(GIVEN ENTRIES begins)
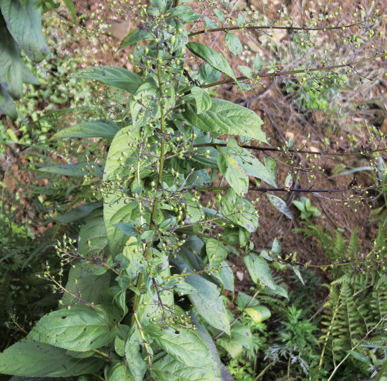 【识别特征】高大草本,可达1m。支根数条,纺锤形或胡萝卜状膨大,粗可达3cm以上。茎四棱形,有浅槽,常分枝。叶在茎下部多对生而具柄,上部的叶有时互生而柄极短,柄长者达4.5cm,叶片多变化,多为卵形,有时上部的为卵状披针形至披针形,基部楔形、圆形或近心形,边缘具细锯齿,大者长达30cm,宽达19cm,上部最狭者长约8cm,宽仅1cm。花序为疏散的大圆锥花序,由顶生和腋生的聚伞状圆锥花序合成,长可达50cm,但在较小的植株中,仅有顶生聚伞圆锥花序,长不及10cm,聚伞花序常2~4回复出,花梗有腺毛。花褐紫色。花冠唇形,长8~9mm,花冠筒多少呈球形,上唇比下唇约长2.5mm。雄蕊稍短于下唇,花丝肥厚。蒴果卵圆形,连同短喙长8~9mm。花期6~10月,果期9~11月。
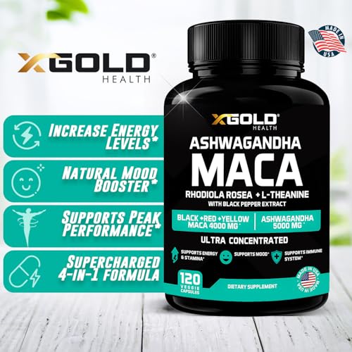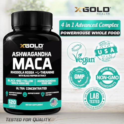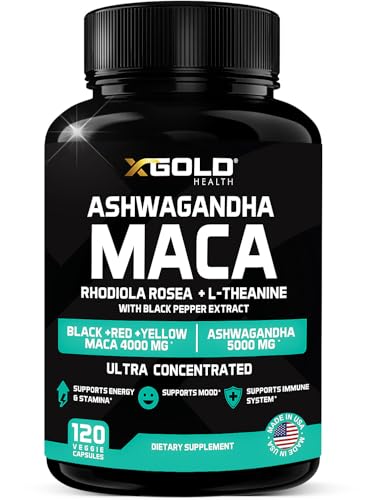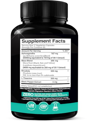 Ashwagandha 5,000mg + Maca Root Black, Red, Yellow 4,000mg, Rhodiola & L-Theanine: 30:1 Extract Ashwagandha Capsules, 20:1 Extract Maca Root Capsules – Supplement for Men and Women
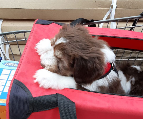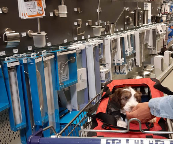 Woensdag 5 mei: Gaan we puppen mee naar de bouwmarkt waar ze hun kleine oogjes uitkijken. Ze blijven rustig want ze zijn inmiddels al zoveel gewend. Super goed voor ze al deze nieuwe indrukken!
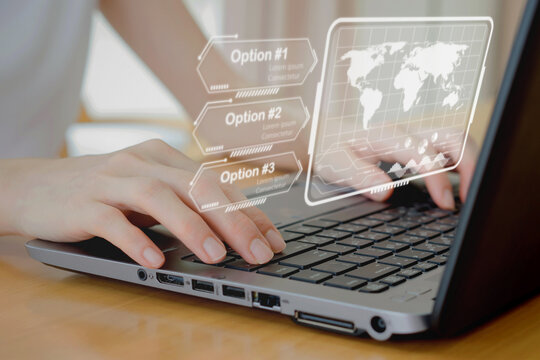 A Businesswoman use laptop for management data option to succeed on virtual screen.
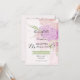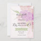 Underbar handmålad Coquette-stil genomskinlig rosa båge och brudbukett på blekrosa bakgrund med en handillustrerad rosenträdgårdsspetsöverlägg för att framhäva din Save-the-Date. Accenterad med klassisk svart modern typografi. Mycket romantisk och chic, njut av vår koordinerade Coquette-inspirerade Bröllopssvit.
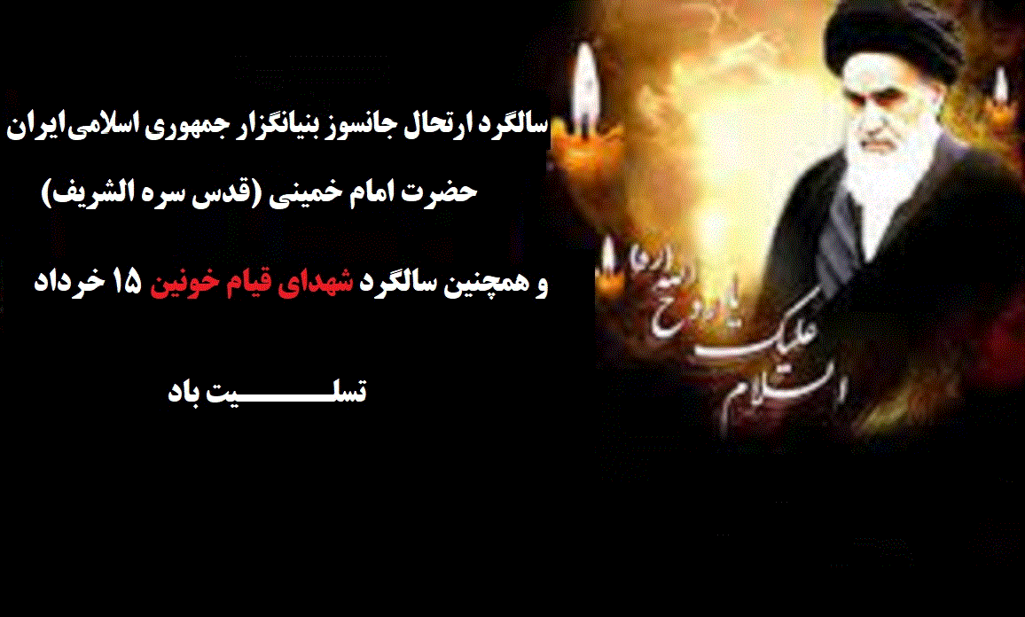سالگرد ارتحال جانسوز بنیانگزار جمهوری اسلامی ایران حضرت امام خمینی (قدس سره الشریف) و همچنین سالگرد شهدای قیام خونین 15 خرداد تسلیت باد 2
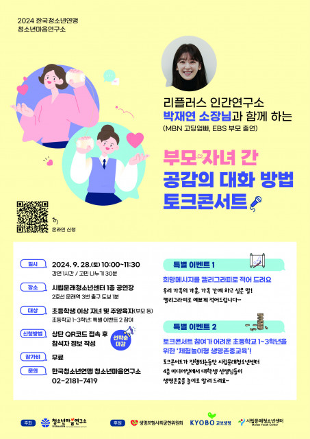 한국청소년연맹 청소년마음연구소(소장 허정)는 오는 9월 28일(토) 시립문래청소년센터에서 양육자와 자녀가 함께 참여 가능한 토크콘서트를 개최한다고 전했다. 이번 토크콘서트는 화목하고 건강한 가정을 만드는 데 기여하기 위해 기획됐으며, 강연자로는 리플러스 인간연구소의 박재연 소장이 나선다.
(GIVEN ENTRIES ends)
From the first line to the last, copy the records above exactly and leave out the pictures.

## WRITTEN RESPONSE
 【识别特征】高大草本,可达1m。支根数条,纺锤形或胡萝卜状膨大,粗可达3cm以上。茎四棱形,有浅槽,常分枝。叶在茎下部多对生而具柄,上部的叶有时互生而柄极短,柄长者达4.5cm,叶片多变化,多为卵形,有时上部的为卵状披针形至披针形,基部楔形、圆形或近心形,边缘具细锯齿,大者长达30cm,宽达19cm,上部最狭者长约8cm,宽仅1cm。花序为疏散的大圆锥花序,由顶生和腋生的聚伞状圆锥花序合成,长可达50cm,但在较小的植株中,仅有顶生聚伞圆锥花序,长不及10cm,聚伞花序常2~4回复出,花梗有腺毛。花褐紫色。花冠唇形,长8~9mm,花冠筒多少呈球形,上唇比下唇约长2.5mm。雄蕊稍短于下唇,花丝肥厚。蒴果卵圆形,连同短喙长8~9mm。花期6~10月,果期9~11月。
 Ashwagandha 5,000mg + Maca Root Black, Red, Yellow 4,000mg, Rhodiola & L-Theanine: 30:1 Extract Ashwagandha Capsules, 20:1 Extract Maca Root Capsules – Supplement for Men and Women
 Woensdag 5 mei: Gaan we puppen mee naar de bouwmarkt waar ze hun kleine oogjes uitkijken. Ze blijven rustig want ze zijn inmiddels al zoveel gewend. Super goed voor ze al deze nieuwe indrukken!
 A Businesswoman use laptop for management data option to succeed on virtual screen.
 Underbar handmålad Coquette-stil genomskinlig rosa båge och brudbukett på blekrosa bakgrund med en handillustrerad rosenträdgårdsspetsöverlägg för att framhäva din Save-the-Date. Accenterad med klassisk svart modern typografi. Mycket romantisk och chic, njut av vår koordinerade Coquette-inspirerade Bröllopssvit.
سالگرد ارتحال جانسوز بنیانگزار جمهوری اسلامی ایران حضرت امام خمینی (قدس سره الشریف) و همچنین سالگرد شهدای قیام خونین 15 خرداد تسلیت باد 2
 한국청소년연맹 청소년마음연구소(소장 허정)는 오는 9월 28일(토) 시립문래청소년센터에서 양육자와 자녀가 함께 참여 가능한 토크콘서트를 개최한다고 전했다. 이번 토크콘서트는 화목하고 건강한 가정을 만드는 데 기여하기 위해 기획됐으며, 강연자로는 리플러스 인간연구소의 박재연 소장이 나선다.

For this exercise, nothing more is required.